*What this task involves:*
Set every line of the data down again exactly, and keep the pictures out.

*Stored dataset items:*
------------------------

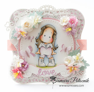 Today I’m sharing with you a Birthday/Love card made for I am roses design team. I used one of the new Magnolia images called Snowhite Tilda. Image was coloured using Distress ink pads.
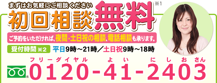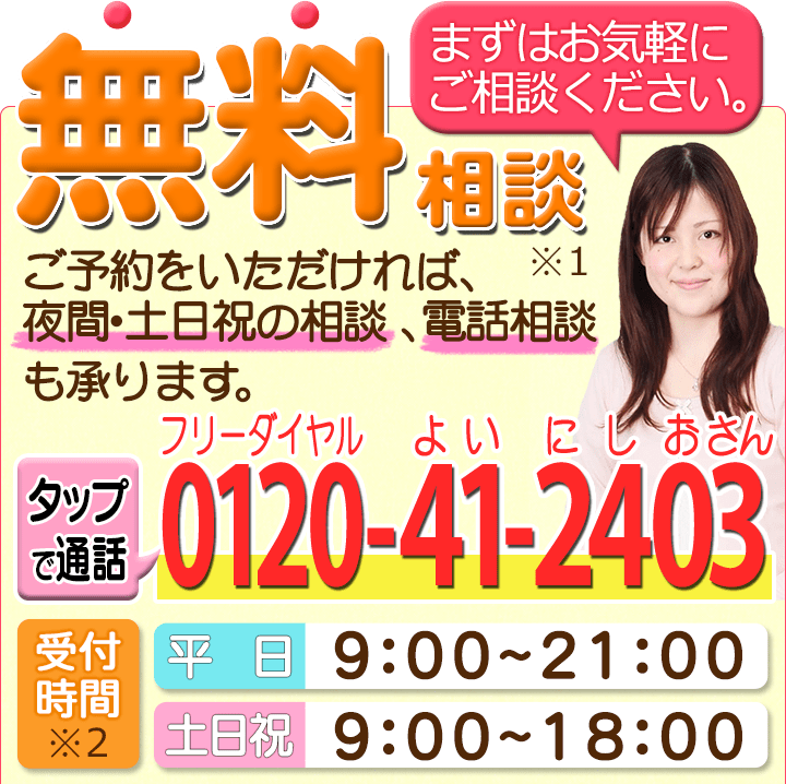 トップその他共通バナー元※消さない 階層構造▼ その他(目次) 共通バナー元※消さない その他(目次)その他トップ共通バナー元※消さない心グループニュース(新着情報)関連リンクお役立ちリンクプライバシーポリシー 受付時間 平日 9時~21時、土日祝 9時~18時 夜間・土日祝の相談も対応します (要予約) 所在地 〒111-1111 ●町●●建物● 0120-41-2403 お問合せ・アクセス・地図
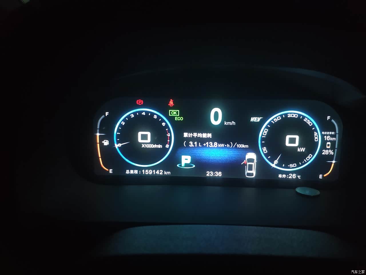 这是总里程159142km后的累计平均能耗:(油3.1L+电13.8kw•h)/100km。
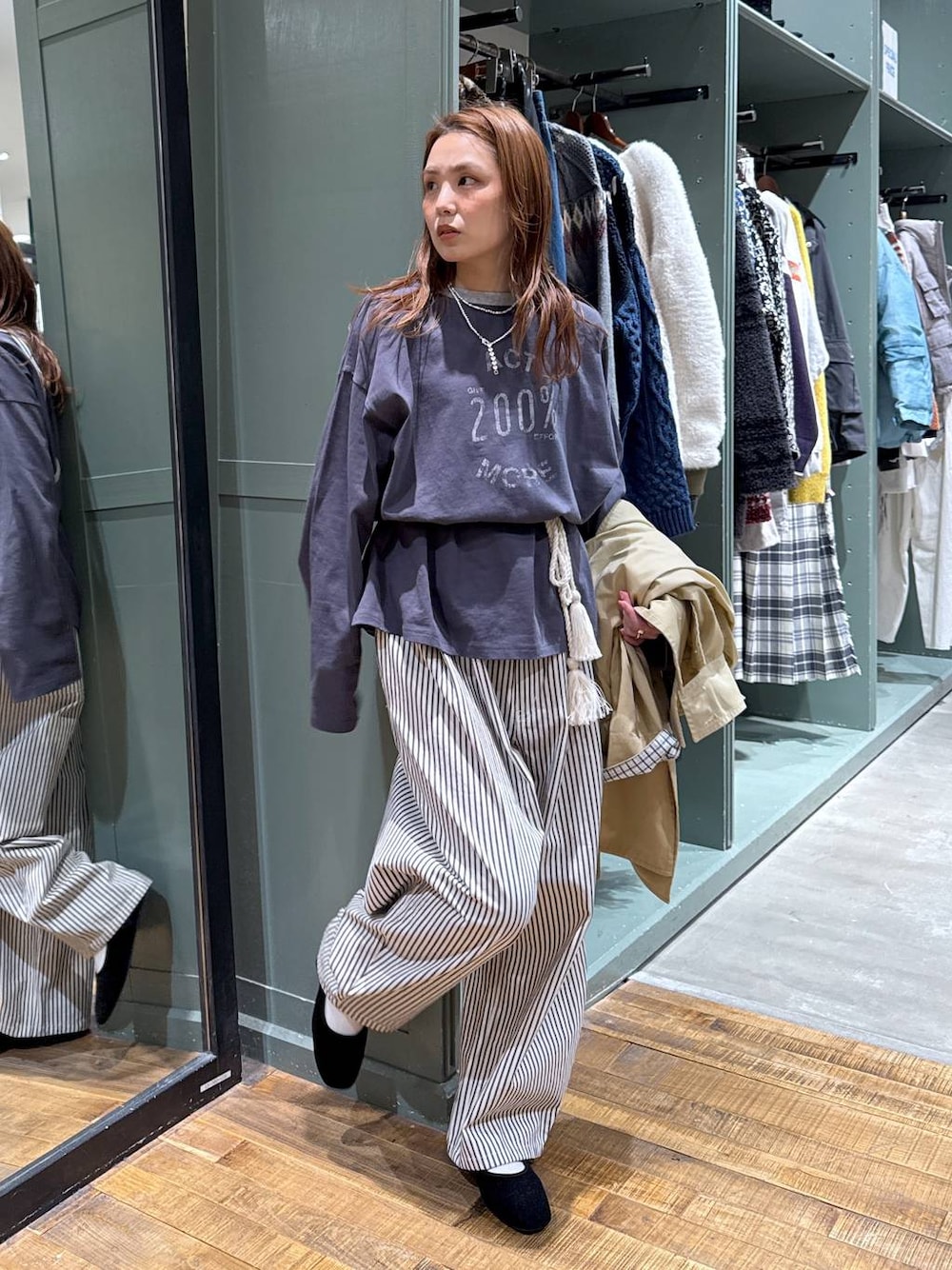 [マリンパンツをオトナマリンに着こなしてみた] ▷こんな感じでロープベルトをウエストマークに使うのもアリ🩷ウエスト位置がグッと上がるので低身長でもスタイルアップ効果◎! 使うトップスはカジュアルにして 決めすぎないのがてぃら流😇 """"""""""""""""""""""""""""""""""""""" ←ここから🌿
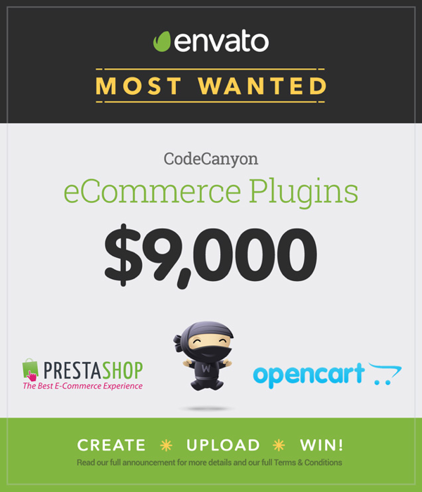 We’ve put $9,000 bounty on the heads of Envato’s most wanted file types – WooCommerce Plugins,OpenCart Extensions and PrestaShop Modules.

------------------------

*Task response:*
 Today I’m sharing with you a Birthday/Love card made for I am roses design team. I used one of the new Magnolia images called Snowhite Tilda. Image was coloured using Distress ink pads.
 トップその他共通バナー元※消さない 階層構造▼ その他(目次) 共通バナー元※消さない その他(目次)その他トップ共通バナー元※消さない心グループニュース(新着情報)関連リンクお役立ちリンクプライバシーポリシー 受付時間 平日 9時~21時、土日祝 9時~18時 夜間・土日祝の相談も対応します (要予約) 所在地 〒111-1111 ●町●●建物● 0120-41-2403 お問合せ・アクセス・地図
 这是总里程159142km后的累计平均能耗:(油3.1L+电13.8kw•h)/100km。
 [マリンパンツをオトナマリンに着こなしてみた] ▷こんな感じでロープベルトをウエストマークに使うのもアリ🩷ウエスト位置がグッと上がるので低身長でもスタイルアップ効果◎! 使うトップスはカジュアルにして 決めすぎないのがてぃら流😇 """"""""""""""""""""""""""""""""""""""" ←ここから🌿
 We’ve put $9,000 bounty on the heads of Envato’s most wanted file types – WooCommerce Plugins,OpenCart Extensions and PrestaShop Modules.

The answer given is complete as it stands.